The court then turned to the relevant provision of Dodd-Frank. That provision, according to the court, contains no mention of retroactive application; the closest the Act comes to such a mention is its “generic statement that ‘[e]xcept as otherwise specifically provided in this Act,’ the Act’s provisions ‘shall take effect 1 day after the date of enactment’”—language that says nothing about retroactivity.12 Since the Act does not expressly authorize retroactive application, the court then considered whether applying the provision to Koch “would impair rights [he] possessed when he acted, increase [his] liability for past conduct, or impose new duties with respect to transactions already completed.”13 According to the court, at the time of Koch’s misconduct, the SEC could not bar an individual from associating with municipal advisors or credit rating agencies and the Commission’s decision to nevertheless apply such a penalty to Koch attached a new disability to conduct completed well  before enactment of the Act, enhanced penalties for a violation of the securities laws, and attached new legal consequences to Koch’s conduct. As  such, the  Commission’s  application  to  Koch of  Dodd-Frank’s  bar  on  associating  with municipal advisors and rating organizations was impermissibly retroactive.14    Accordingly, the court vacated that portion of the Commission’s order.

IMPLICATIONS

Since enactment of Dodd-Frank, the SEC has relied on Lawton in dozens of proceedings barring individuals from associating with municipal advisers and credit rating agencies based on conduct that occurred, at least in part, prior to enactment of Dodd-Frank.15 The DC Circuit’s decision casts doubt on, and raises a number of questions about, those punishments, including whether they are enforceable. It remains to be seen whether the SEC will seek a rehearing or Supreme Court review.

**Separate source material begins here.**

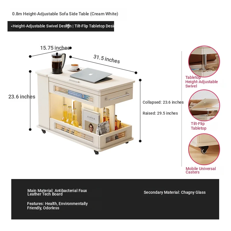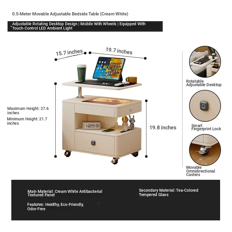 19.69in Multifunctional Adjustable Side Table [Cream White Skin Sense Leather Pattern + Lifting Rotate Desktop + Universal Wheel + USB Charging + Lamp Band + Fingerprint Lock]]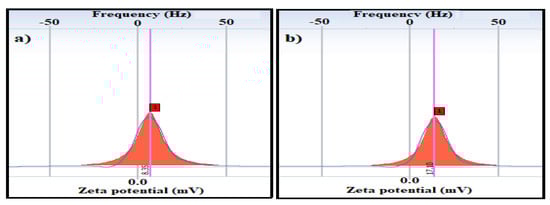 Zeta potential of magnetite nanomaterials coated by (a) M. aurea extract (MAE-MNMs) and (b) O. baccatus extract (OBE-MNMs) in ethanol.

Much like the SEC bar at issue in Koch, a number of the CFPB’s enforcement actions address UDAAP violations premised on conduct that, at least in part, predates Dodd-Frank.16 The same can be said of CFPB penalty assessments for RESPA violations.17 In limited instances, the CFPB seems to have acknowledged possible constraints on its authority to sanction conduct that predates Dodd-Frank’s enactment.18 Indeed, in the context of civil money penalties for RESPA violations, the CFPB apparently recognizes that it cannot assess penalties for conduct predating Dodd-Frank because the authority to assess such penalties was first conferred in Dodd-Frank.19 Such recognition by the CFPB, however, is not universal, and the DC Circuit’s decision in Koch could provide a basis for institutions to object to certain sanctions sought by the CFPB.